Records from a collection
# # #
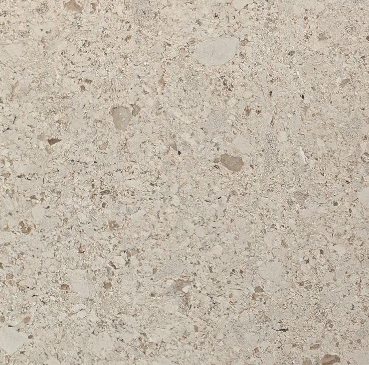Louvre Cream Limestone presents a soft cream background with a finely textured composition of small fossil fragments and mineral inclusions distributed across the surface. Subtle tonal variation moves gently through the stone, creating a consistent field of warm neutral color punctuated by delicate organic forms. Louvre Cream Limestone carries a refined, understated character where the dense arrangement of natural inclusions adds visual interest while maintaining an overall calm and balanced appearance.
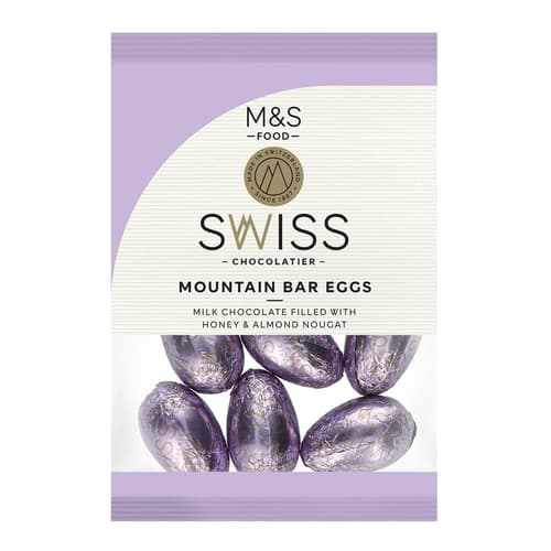 Marks & Spencer Mini oua cu ciocolata elvetiana cu lapte, umplute cu nuga, migdale si crema de miere
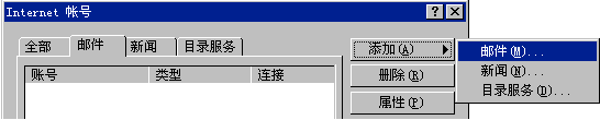 3.單擊郵件標簽(默認); 單擊"添加"按鈕,從彈出的菜單中選擇"郵件"選項將彈出Internet連接向導;
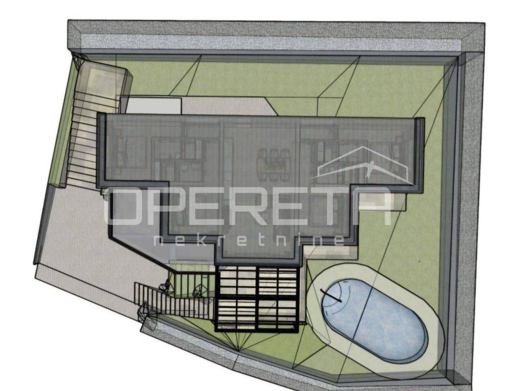 Das Flachdach bietet die Möglichkeit, eine großzügige Dachterrasse mit Meerblick zu gestalten. Das Grundstück ist im mediterranen Stil angelegt, mit Trockenmauern, Olivenbäumen und aromatischen Kräutern, im Zentrum befindet sich ein ovaler Pool mit Natursteinpflaster.
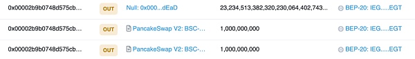 惡意代幣 IEGT 在 BSC 上的部署地址是 0x8D07f605926837Ea0F9E1e24DbA0Fb348cb3E97D。我們通過區塊瀏覽器觀察其 Holders,發現在 dead 與 pair 地址持有大量 IEGT 代幣的情況下,合約記錄的 totalSupply 仍為 5,000,000。
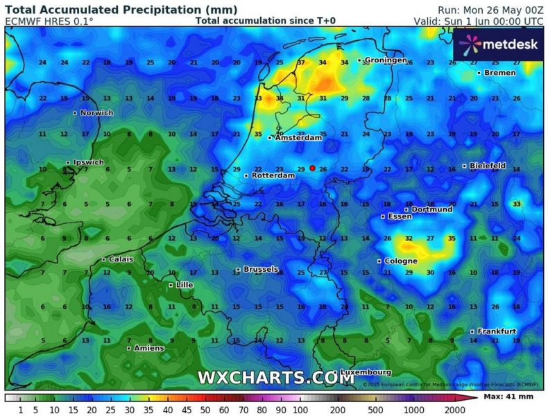 Er is de afgelopen dagen gemiddeld al 10mm regen gevallen, maar de westcirculatie komt nu op snelheid en de komende 4 dagen wordt aanzienlijk meer neerslag verwacht. Niet alleen in DeBilt maar ook landelijk gaat de lente van 2025 hierdoor toch niet meer de boeken in als droogste ooit gemeten (zie vorige Blogpost).
# # #
- _TASK REQUIREMENTS_: Set the lines above down again, word for word, from the first through the one containing "惡意代幣 IEGT 在"; pictures excluded.

- _EXPECTED OUTPUT_:
Louvre Cream Limestone presents a soft cream background with a finely textured composition of small fossil fragments and mineral inclusions distributed across the surface. Subtle tonal variation moves gently through the stone, creating a consistent field of warm neutral color punctuated by delicate organic forms. Louvre Cream Limestone carries a refined, understated character where the dense arrangement of natural inclusions adds visual interest while maintaining an overall calm and balanced appearance.
 Marks & Spencer Mini oua cu ciocolata elvetiana cu lapte, umplute cu nuga, migdale si crema de miere
 3.單擊郵件標簽(默認); 單擊"添加"按鈕,從彈出的菜單中選擇"郵件"選項將彈出Internet連接向導;
 Das Flachdach bietet die Möglichkeit, eine großzügige Dachterrasse mit Meerblick zu gestalten. Das Grundstück ist im mediterranen Stil angelegt, mit Trockenmauern, Olivenbäumen und aromatischen Kräutern, im Zentrum befindet sich ein ovaler Pool mit Natursteinpflaster.
 惡意代幣 IEGT 在 BSC 上的部署地址是 0x8D07f605926837Ea0F9E1e24DbA0Fb348cb3E97D。我們通過區塊瀏覽器觀察其 Holders,發現在 dead 與 pair 地址持有大量 IEGT 代幣的情況下,合約記錄的 totalSupply 仍為 5,000,000。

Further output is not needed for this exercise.